Всеобщая детская радость охватила собеседников. Солдат воодушевился, и обуял им мгновенно дух хвастовства. Он принялся рассказывать, что, «бывало, из штуцера как хватишь из-под кручи-то – пятерых насквозь; он тебя дует навесом, эва какие пускает закуски, пудов по пяти весу, а они все позади ложатся, а мы из-под кручи-то его из ружейцов – тук да тук… Два года после окончания войны плыли по морю мертвые тела… Легло их тридцать восемь миллионов…» Дух хвастовства разгорался в солдате все сильнее и сильнее каждую минуту… «Теперь, – размахивая руками, гремел он: – нам только одну Англию осталось перекувыркнуть… Не перекувыркнем, что ли? Сделай милость!.. Поперек живота сцапал ее, да и вся!.. Л-любезная! Самая вредная нам шельма!.. Что ты на морях мастерица, так это, братец мой, для нас наплевать!.. Ты в воду, а мы под тебя карпеду!.. Она тебя, шельму, выплюнет оттудова, из-под воды-то, в небо в самое… во… ха-ха-ха!»

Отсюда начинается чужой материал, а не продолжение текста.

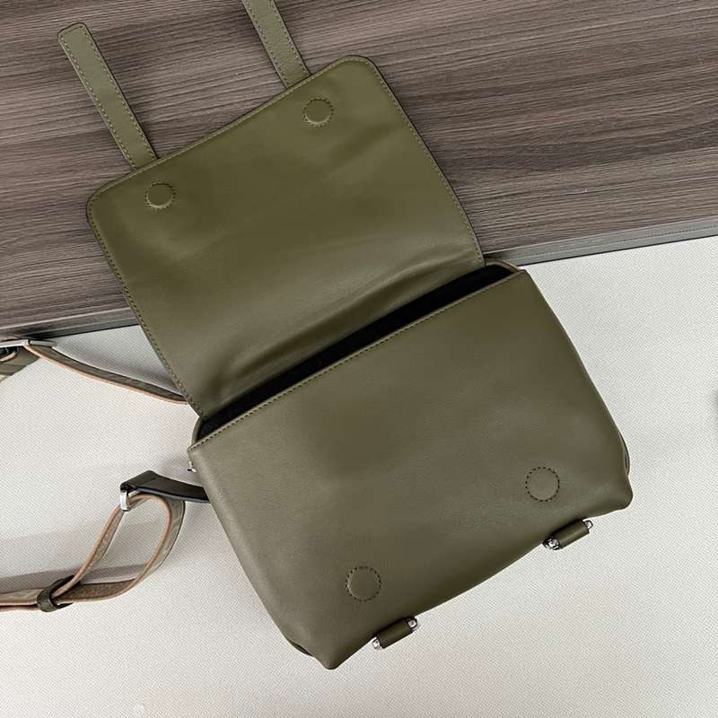 LOEWE ミリタリー メッセンジャーバッグ レザー×ジャカード メンズ 24.5×18×10.5cm

Необузданный детский смех и детское веселье обуяло слушателей. Молодой парень, из числа рабочих-мужиков, до того был восхищен нарисованной солдатом картиной, до того живо представил себе, как «карпеда» выплевывает под небо всю иностранную механику, ухитрявшуюся повредить нам откуда-то из-под воды, что опрокинулся на спину и закатился отчаянно веселым хохотом, даже брыкнул босыми ногами.
А солдат, не теряя, повидимому, последовательности в своих мыслях, вдруг перешел к самым последним событиям и объяснил их тоже с точки зрения того положения, которое он высказал раньше.
– Будет, будет баловаться-то!.. довольно вы людей-то, души христианские, на борзых собак меняли. Будет!.. Теперича Россия пошла на поправку, а вашего брата за это надо – вот как…
И он показал, как надо поступать с теми, кто, подобно иностранцам, отнимающим у нас деньги, хочет опять продавать людей и менять их на собак. По этому поводу солдатом было высказано полное сочувствие к одному недавнему событию.
– Пойдем, ребята, – угощу! Рано спать-то… – провозгласил кто-то в толпе собеседников, разговор которых мы слышали, и все скоро, весело и громко разговаривая и очевидно отлично чувствуя себя, ушли по направлению к слободе.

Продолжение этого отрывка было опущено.